SPACs are also a bit of a "wild west" vs. traditional IPOs (way less regulated), making trust in sponsors even more important. Going w/ trustworthy sponsors is how you avoid a Clover Health type situation.
To be clear, this was a trade, not an investment, but I thought it was an asymmetric way to deploy excess cash that I won’t need for a few years.
At the current price, risk-reward is less clear. As always, do your own work and this is not investment advice.

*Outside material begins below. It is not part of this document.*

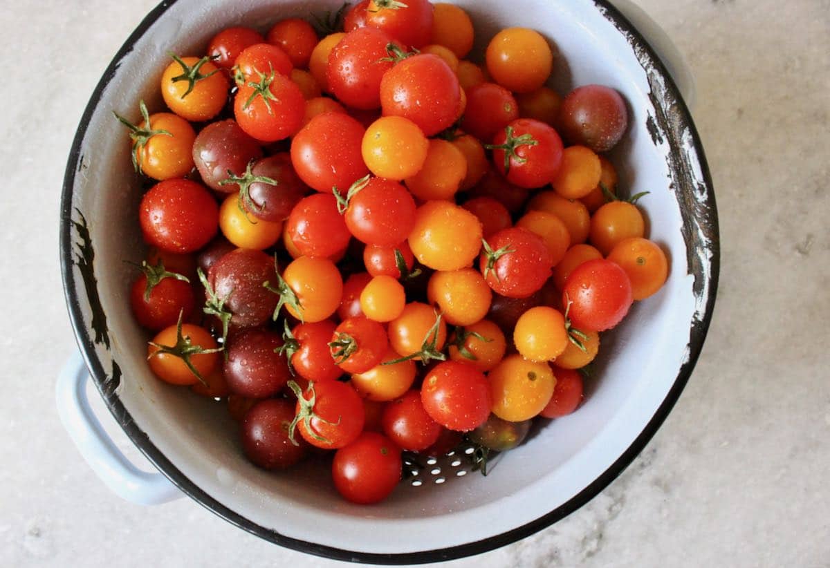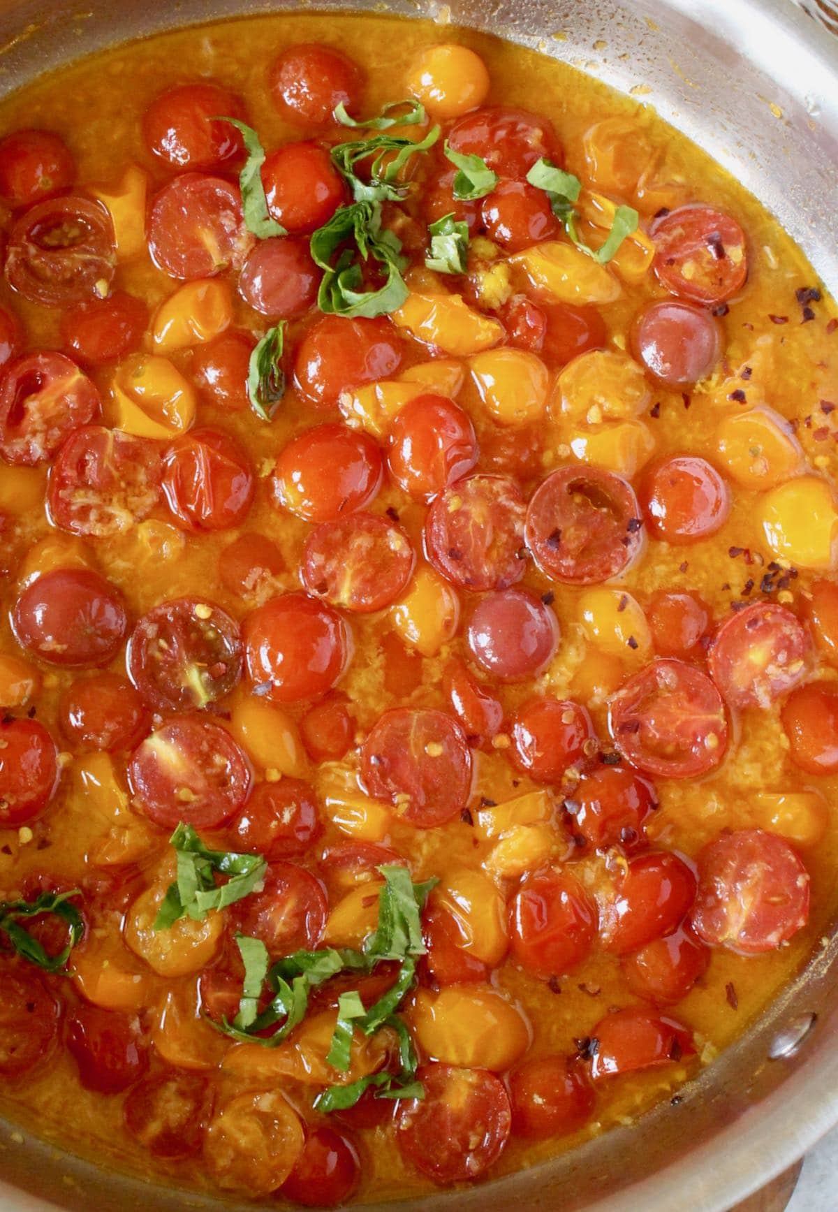 - The Tomatoes -I love using a mix of sungold and red cherry varieties for their sweet flavor and thin skins. Stay away from grape tomatoes which are on the dryer side with tough skins and not suitable in this recipe. Using canned tomatoes would be a total disappointment, save those for slow simmered sauces like marinara, arrabiata or puttanesca.

You should also be aware that redemption for $10/share is only guaranteed if you wait until deal announcement/expiry. SPACs can trade below $10 in the interim, so if you need the money pre-expiry, you might take more than a 6% loss.
Any other SPACs run by ultra-high-quality sponsors that are trading below, at, or slightly above NAV? Closer to expiry, the better.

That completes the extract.